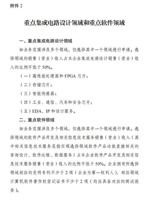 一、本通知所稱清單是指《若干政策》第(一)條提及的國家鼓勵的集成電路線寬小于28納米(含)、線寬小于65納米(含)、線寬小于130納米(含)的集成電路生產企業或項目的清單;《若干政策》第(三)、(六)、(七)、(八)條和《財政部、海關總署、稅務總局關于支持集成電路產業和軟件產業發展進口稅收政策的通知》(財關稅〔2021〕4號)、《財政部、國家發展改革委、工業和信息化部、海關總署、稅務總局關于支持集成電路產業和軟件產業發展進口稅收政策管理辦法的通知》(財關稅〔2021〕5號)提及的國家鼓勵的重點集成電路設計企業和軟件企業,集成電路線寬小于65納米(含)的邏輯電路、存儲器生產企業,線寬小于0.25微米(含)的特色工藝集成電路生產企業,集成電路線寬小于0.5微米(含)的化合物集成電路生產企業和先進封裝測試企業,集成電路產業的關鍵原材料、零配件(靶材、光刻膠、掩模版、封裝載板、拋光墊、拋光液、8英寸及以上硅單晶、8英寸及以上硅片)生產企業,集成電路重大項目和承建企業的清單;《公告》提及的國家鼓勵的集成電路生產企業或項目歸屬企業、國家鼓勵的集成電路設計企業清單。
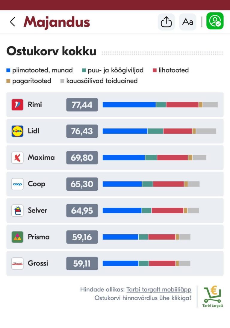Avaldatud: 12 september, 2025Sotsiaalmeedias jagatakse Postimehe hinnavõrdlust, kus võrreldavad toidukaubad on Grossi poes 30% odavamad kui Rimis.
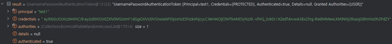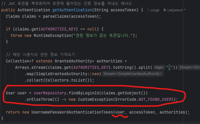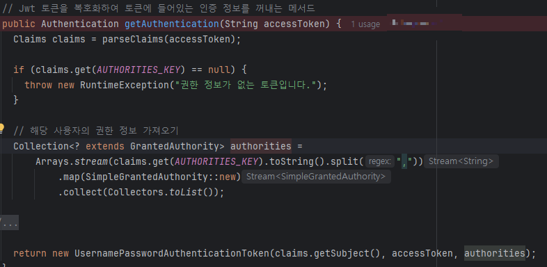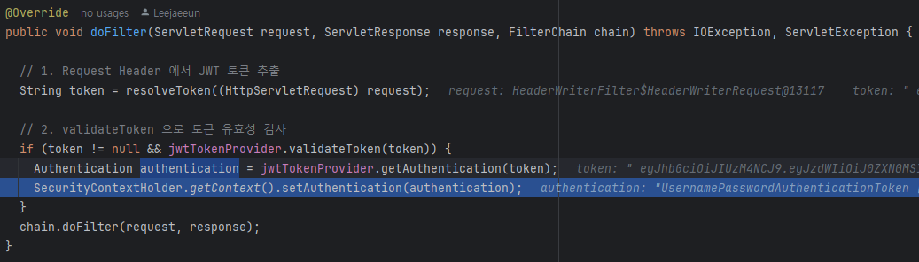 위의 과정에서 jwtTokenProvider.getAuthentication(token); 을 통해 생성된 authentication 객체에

WHAT NEEDS TO BE DONE:
Pictures aside, print every line of the material exactly.

WRITTEN ANSWER:
 一、本通知所稱清單是指《若干政策》第(一)條提及的國家鼓勵的集成電路線寬小于28納米(含)、線寬小于65納米(含)、線寬小于130納米(含)的集成電路生產企業或項目的清單;《若干政策》第(三)、(六)、(七)、(八)條和《財政部、海關總署、稅務總局關于支持集成電路產業和軟件產業發展進口稅收政策的通知》(財關稅〔2021〕4號)、《財政部、國家發展改革委、工業和信息化部、海關總署、稅務總局關于支持集成電路產業和軟件產業發展進口稅收政策管理辦法的通知》(財關稅〔2021〕5號)提及的國家鼓勵的重點集成電路設計企業和軟件企業,集成電路線寬小于65納米(含)的邏輯電路、存儲器生產企業,線寬小于0.25微米(含)的特色工藝集成電路生產企業,集成電路線寬小于0.5微米(含)的化合物集成電路生產企業和先進封裝測試企業,集成電路產業的關鍵原材料、零配件(靶材、光刻膠、掩模版、封裝載板、拋光墊、拋光液、8英寸及以上硅單晶、8英寸及以上硅片)生產企業,集成電路重大項目和承建企業的清單;《公告》提及的國家鼓勵的集成電路生產企業或項目歸屬企業、國家鼓勵的集成電路設計企業清單。
Avaldatud: 12 september, 2025Sotsiaalmeedias jagatakse Postimehe hinnavõrdlust, kus võrreldavad toidukaubad on Grossi poes 30% odavamad kui Rimis.
 위의 과정에서 jwtTokenProvider.getAuthentication(token); 을 통해 생성된 authentication 객체에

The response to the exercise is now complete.